→ Task to complete
Word for word, write the lines below out again, with no pictures.

→ Data extract
_ _ _ _ _

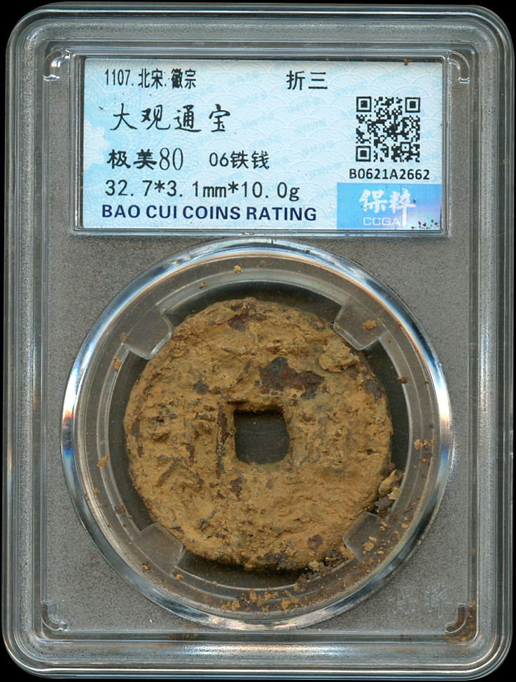 錢幣分類 中國錢幣中國歷代古錢(8001-8022)中國機制銀幣(8023-8108)中國機制銅幣/鎳幣/鋁幣(8109-8142)偽政權錢幣(8143-8144)台灣銀行~流通幣(8145-8187)台灣銀行~試鑄幣(8188)台灣銀行~紀念幣(章)(8189-8210)中國人民銀行~流通幣(8211-8217)中國人民銀行~金銀紀念幣(8218-8236)各時期~紀念章(8238-8258)中國香港錢幣(8259-8263)世界各國錢幣日本錢幣(8264-8283)世界各國錢幣(A~Z)(8284-8309)晚到項次~新中國金.銀幣(8825-8827) 中國錢幣 ↳中國歷代古錢(8001-8022) ↳中國機制銀幣(8023-8108) ↳中國機制銅幣/鎳幣/鋁幣(8109-8142) ↳偽政權錢幣(8143-8144) ↳台灣銀行~流通幣(8145-8187) ↳台灣銀行~試鑄幣(8188) ↳台灣銀行~紀念幣(章)(8189-8210) ↳中國人民銀行~流通幣(8211-8217) ↳中國人民銀行~金銀紀念幣(8218-8236) ↳各時期~紀念章(8238-8258) ↳中國香港錢幣(8259-8263)世界各國錢幣 ↳日本錢幣(8264-8283) ↳世界各國錢幣(A~Z)(8284-8309) ↳晚到項次~新中國金.銀幣(8825-8827) 點大圖放大展示,點小圖切換 古錢二枚:(1)北宋元祐通寶鐵錢,折三,南京保粹CCGA 極美82;(2)北宋大觀通寶鐵錢,折三,南京保粹CCGA 極美80(Page 4) 結標時間 2025-12-16 10:03:00 拍品編號:8010 起拍價:NT$100 當前價:NT$100 自動出價 直接出價 出價 系統將按出價級數,依序為您比(出)價至上限金額 提醒您:直接出價後不可將金額改低,只能改高,蟠龍無法降低您的出價,最高出價者無法取消出價 (查看出價說明) 得標說明:需按得標價另加10%佣金 當前加價幅度:NT$100元 (查看加價級數表) 回上頁 線上出價記錄 線上 1 人次,書面 0 人次 競價客戶 所在地 出價時間 出價金額 出價方式 l******6 (領先) 台灣 2025-11-26 13:27:08 NT$100 自動出價 問與答 目前尚無提問 我要提問 請先登入會員
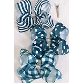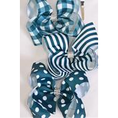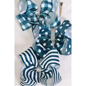 Hunter Green , Alligator Clip , Bow - 6" x 5" Wide , 4 of each Pattern Asst , Clip Strip & UPC Code
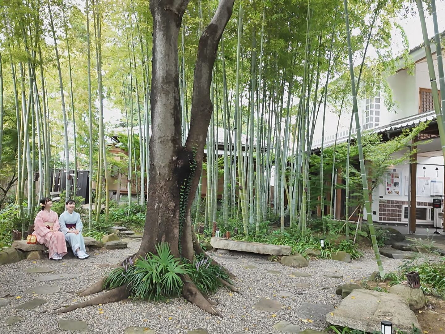 くらしき宵待ちGARDENの奥に進むと、竹林が立ち並ぶ庭園にたどり着きます。
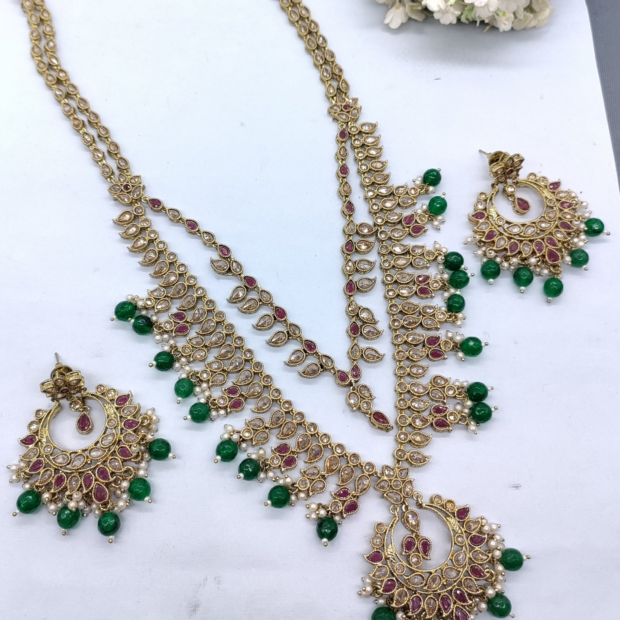 Polki Long Necklace Mehndi Set Sku-5586 B-9

_ _ _ _ _

→ Exercise answer
 錢幣分類 中國錢幣中國歷代古錢(8001-8022)中國機制銀幣(8023-8108)中國機制銅幣/鎳幣/鋁幣(8109-8142)偽政權錢幣(8143-8144)台灣銀行~流通幣(8145-8187)台灣銀行~試鑄幣(8188)台灣銀行~紀念幣(章)(8189-8210)中國人民銀行~流通幣(8211-8217)中國人民銀行~金銀紀念幣(8218-8236)各時期~紀念章(8238-8258)中國香港錢幣(8259-8263)世界各國錢幣日本錢幣(8264-8283)世界各國錢幣(A~Z)(8284-8309)晚到項次~新中國金.銀幣(8825-8827) 中國錢幣 ↳中國歷代古錢(8001-8022) ↳中國機制銀幣(8023-8108) ↳中國機制銅幣/鎳幣/鋁幣(8109-8142) ↳偽政權錢幣(8143-8144) ↳台灣銀行~流通幣(8145-8187) ↳台灣銀行~試鑄幣(8188) ↳台灣銀行~紀念幣(章)(8189-8210) ↳中國人民銀行~流通幣(8211-8217) ↳中國人民銀行~金銀紀念幣(8218-8236) ↳各時期~紀念章(8238-8258) ↳中國香港錢幣(8259-8263)世界各國錢幣 ↳日本錢幣(8264-8283) ↳世界各國錢幣(A~Z)(8284-8309) ↳晚到項次~新中國金.銀幣(8825-8827) 點大圖放大展示,點小圖切換 古錢二枚:(1)北宋元祐通寶鐵錢,折三,南京保粹CCGA 極美82;(2)北宋大觀通寶鐵錢,折三,南京保粹CCGA 極美80(Page 4) 結標時間 2025-12-16 10:03:00 拍品編號:8010 起拍價:NT$100 當前價:NT$100 自動出價 直接出價 出價 系統將按出價級數,依序為您比(出)價至上限金額 提醒您:直接出價後不可將金額改低,只能改高,蟠龍無法降低您的出價,最高出價者無法取消出價 (查看出價說明) 得標說明:需按得標價另加10%佣金 當前加價幅度:NT$100元 (查看加價級數表) 回上頁 線上出價記錄 線上 1 人次,書面 0 人次 競價客戶 所在地 出價時間 出價金額 出價方式 l******6 (領先) 台灣 2025-11-26 13:27:08 NT$100 自動出價 問與答 目前尚無提問 我要提問 請先登入會員
 Hunter Green , Alligator Clip , Bow - 6" x 5" Wide , 4 of each Pattern Asst , Clip Strip & UPC Code
 くらしき宵待ちGARDENの奥に進むと、竹林が立ち並ぶ庭園にたどり着きます。
 Polki Long Necklace Mehndi Set Sku-5586 B-9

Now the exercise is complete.